» **Task prompt**
The lines below from the one with "Greater Lansing USB" up to and including the one with "キュウリは皮を縞目にむき、塩" are what you should set down, exactly and without pictures.
Data to process: Begin
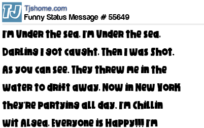 X I'm Under the sea, I'm Under the sea, Darling I got caught, Then I was Shot. As you can see. They threw me in the water to drift away, Now in New York they're partying all day. I'm Chillin wit Algea, Everyone is Happy!!! I'm Under the sea!
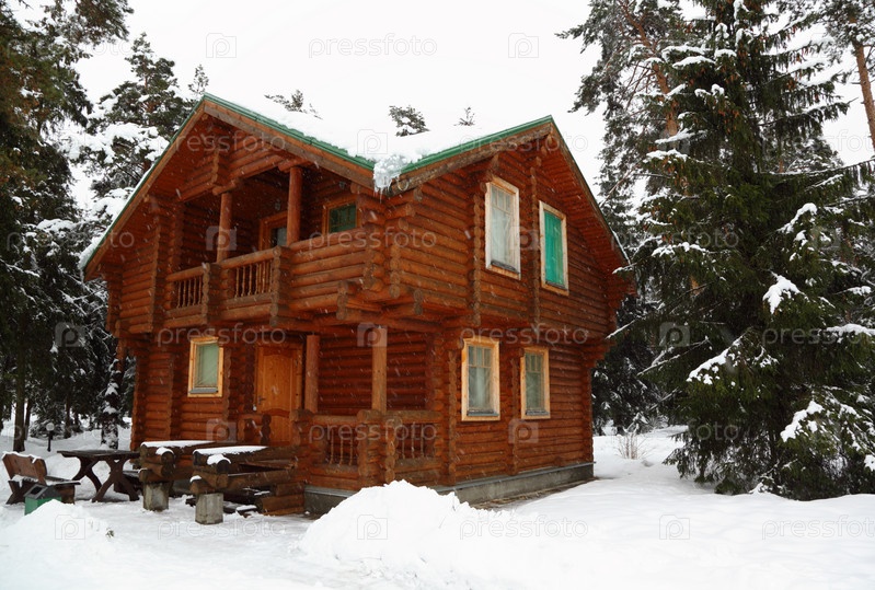 Деревянный домик в зимнем лесу
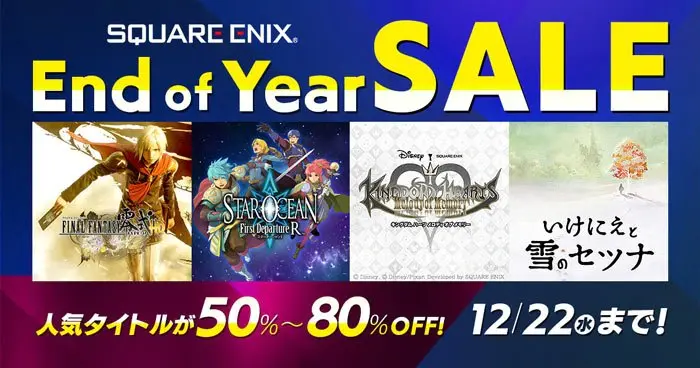 2021년 11월 29일(월)부터 12월 22일(수)까지 PlayStation Store&닌텐도 e숍에서 스퀘어 에닉스 작품을 최대 75%OFF 로 구입할 수 있는 「End of Year 세일」이 개최.
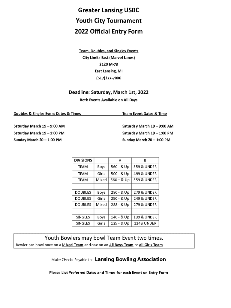Greater Lansing USB Youth City Tournament 2022 Official Entry Form Team, Doubles, and Singles Events City Limits East (Marvel Lanes) 2120 M78 East Lansing, MI (517)3777000Deadline: Saturday, March
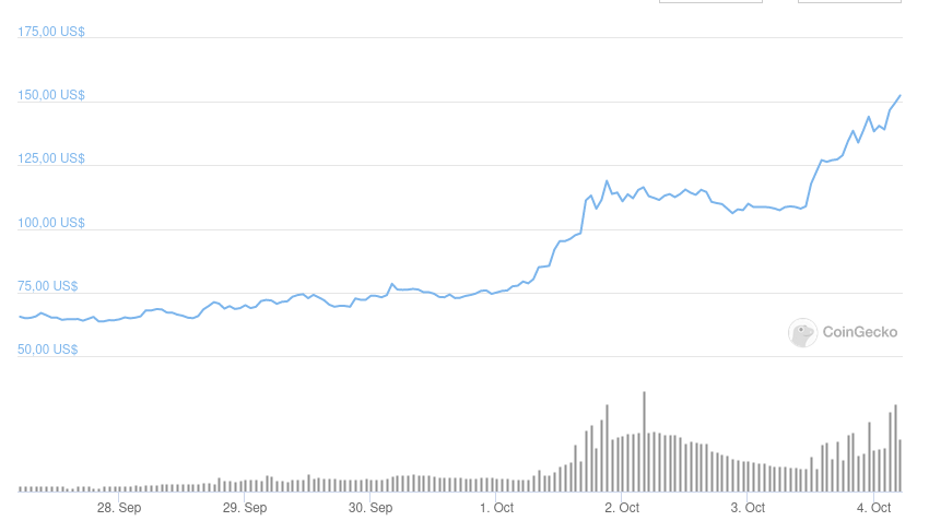 O AXS registrou uma nova máxima histórica após ultrapassar US$ 153, um aumento de 140% em sete dias, segundo dados do CoinGecko.
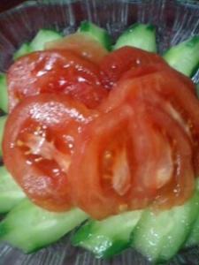 キュウリは皮を縞目にむき、塩少々をふって軽くもみ、洗い流します。トマトは3~4㎜の輪切りにします。
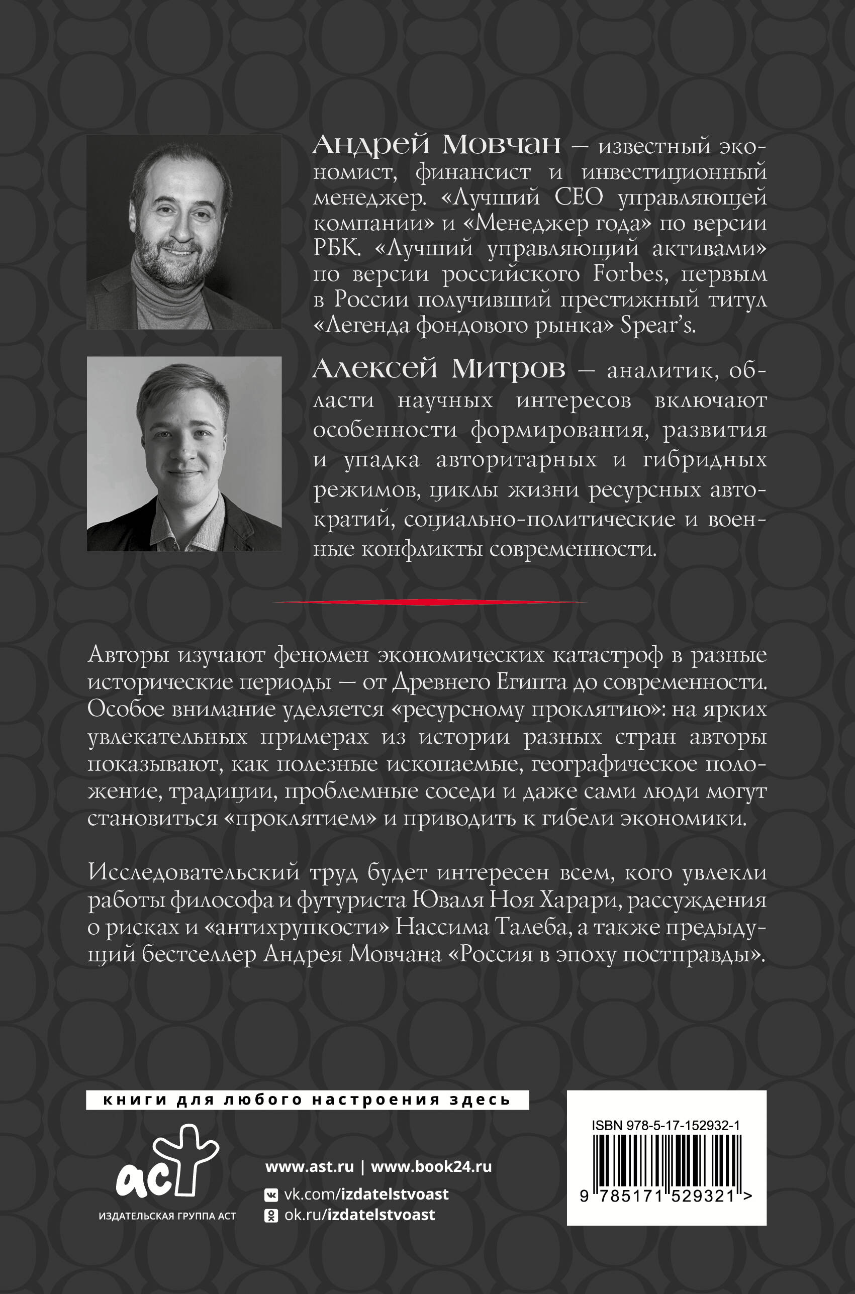 Андрей Мовчан - известный экономист, финансист и инвестиционный менеджер, «Лучший управляющий активами» по версии российского Forbes, первым в России получивший престижный титул «Легенда фондового рынка» Spear's. Алексей Митров - аналитик, изучающий особенности формирования, развития и упадка авторитарных и гибридных режимов. Авторы изучают феномен экономических катастроф в разные исторические периоды - от Древнего Египта до современности. Особое внимание уделяется «ресурсному проклятию»: на ярких увлекательных примерах из истории разных стран авторы показывают, как полезные ископаемые, географическое положение, традиции, проблемные соседи и даже сами люди могут становиться «проклятием» и приводить к гибели экономики. Книга вошла в шорт-лист престижной премии «Просветитель».| Издательство | ИЗДАТЕЛЬСТВО "АСТ" |
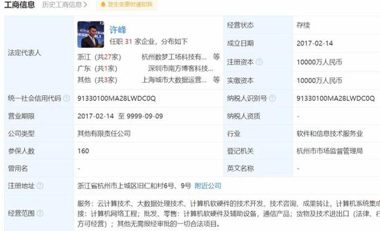 天眼查显示,杭州城市大数据运营有限公司(CityDO)是一家城市大数据运营服务商,公司经营范围包括云计算技术、大数据处理技术、计算机软硬件的技术开发、技术咨询、成果转让,计算机系统集成等。
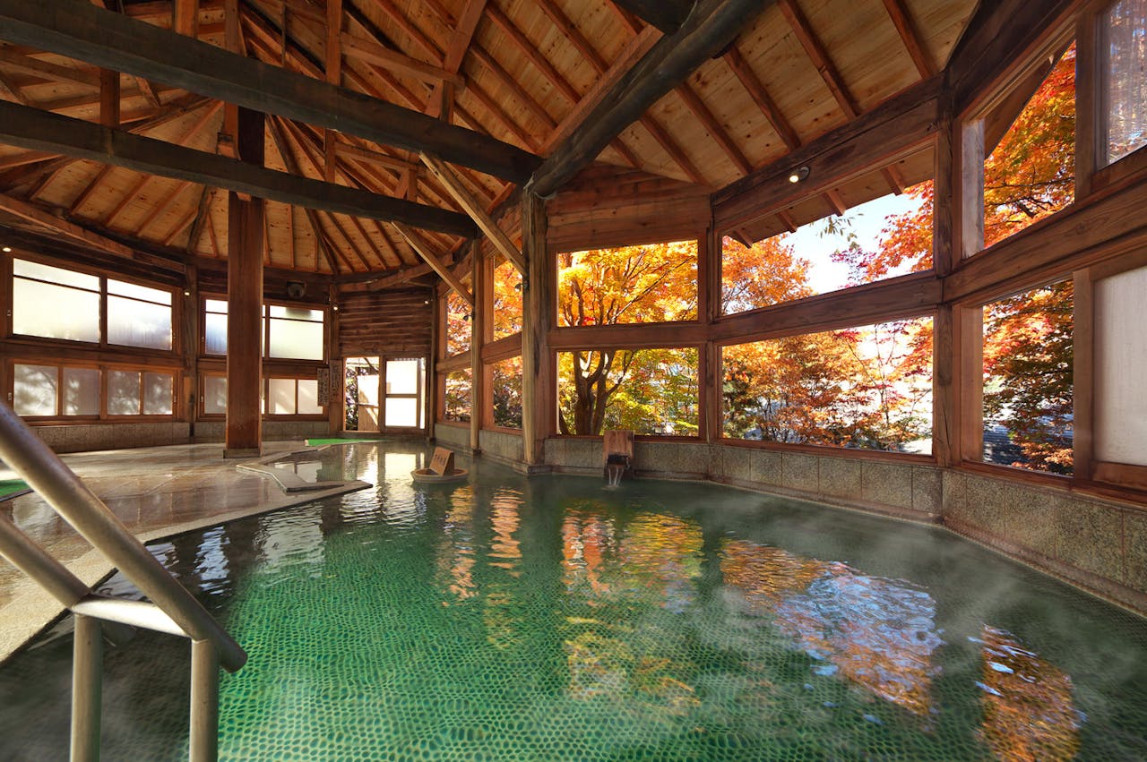 | お風呂 | ■大浴場の数:3 ■営業時間:— ■温泉:あり ■かけ流し:あり ■にごり湯:なし ■補足事項:源泉100% 男女交代制。 14:00~翌朝10:00まで利用可能。(*朝3:30~4:30の間、男女入替のため、入浴不可) ■露天風呂の数:3 |
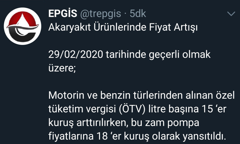 Resmi Gazete'de yayınlanan 2178 karar sayılı düzenlenlemeye göre akaryakıtlar için uygulanan Özel Tüketim Vergisi'nde (ÖTV) değişiklik yapıldı. ÖTV tutarı litrede 1,9059 liradan 2,0559 liraya çıkarıldı. Değişiklik ile %7.98 zam yapılmış oldu. 29 Şubat itibariyle indirim yapılan benzin ve motorine 18 kuruş zam yapıldı.
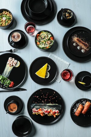 (MNZ-Matte) عشاء أسود / فطور مجموعة 30 قطعة لـ 6 أشخاص dmtaks202330
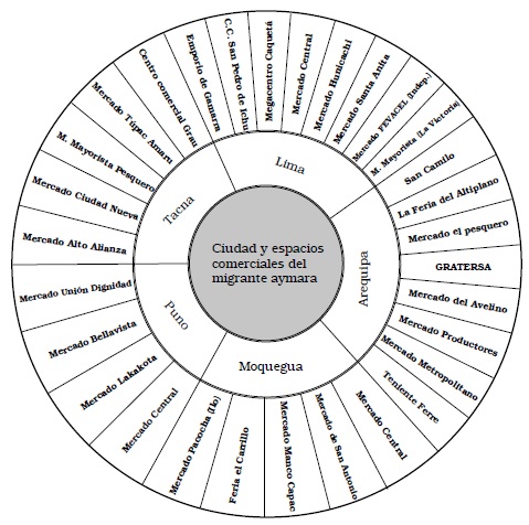 Algo semejante ocurre en la ciudad de Arequipa que acoge a una gran cantidad de migrantes puneños, en un principio los aymaras se asentaron en el distrito de Paucarpata (Arequipa), por encontrarse allí la antigua carretera de ingreso que provenía del departamento de Puno; ellos emprendieron su actividad comercial en diferentes mercados de abastos como San Camilo, la feria del Altiplano, el mercado el Pesquero, GRATERSA o mercado El Avelino. Es conveniente acotar que los pobladores de Ilave, Juli, Pomata, por la ubicación geográfica de las comunidades de origen, migraron en mayor cantidad a la ciudad de Tacna, iniciando pequeños negocios en mercados locales tales como el Mercado Central Alto de la Alianza, Ciudad Nueva, Pesquero, Túpac Amaru, Centro Comercial Grau. En cambio, los pobladores del distrito de Chucuito, Platería y Ácora migraron masivamente a la ciudad de Moquegua, desarrollando la actividad comercial en el mercado de San Antonio, Central, Manco Cápac y feria el Carrillo. En la figura 3 se ilustra los espacios comerciales mencionados.
Data to process: End
» **Task response**
Greater Lansing USB Youth City Tournament 2022 Official Entry Form Team, Doubles, and Singles Events City Limits East (Marvel Lanes) 2120 M78 East Lansing, MI (517)3777000Deadline: Saturday, March
 O AXS registrou uma nova máxima histórica após ultrapassar US$ 153, um aumento de 140% em sete dias, segundo dados do CoinGecko.
 キュウリは皮を縞目にむき、塩少々をふって軽くもみ、洗い流します。トマトは3~4㎜の輪切りにします。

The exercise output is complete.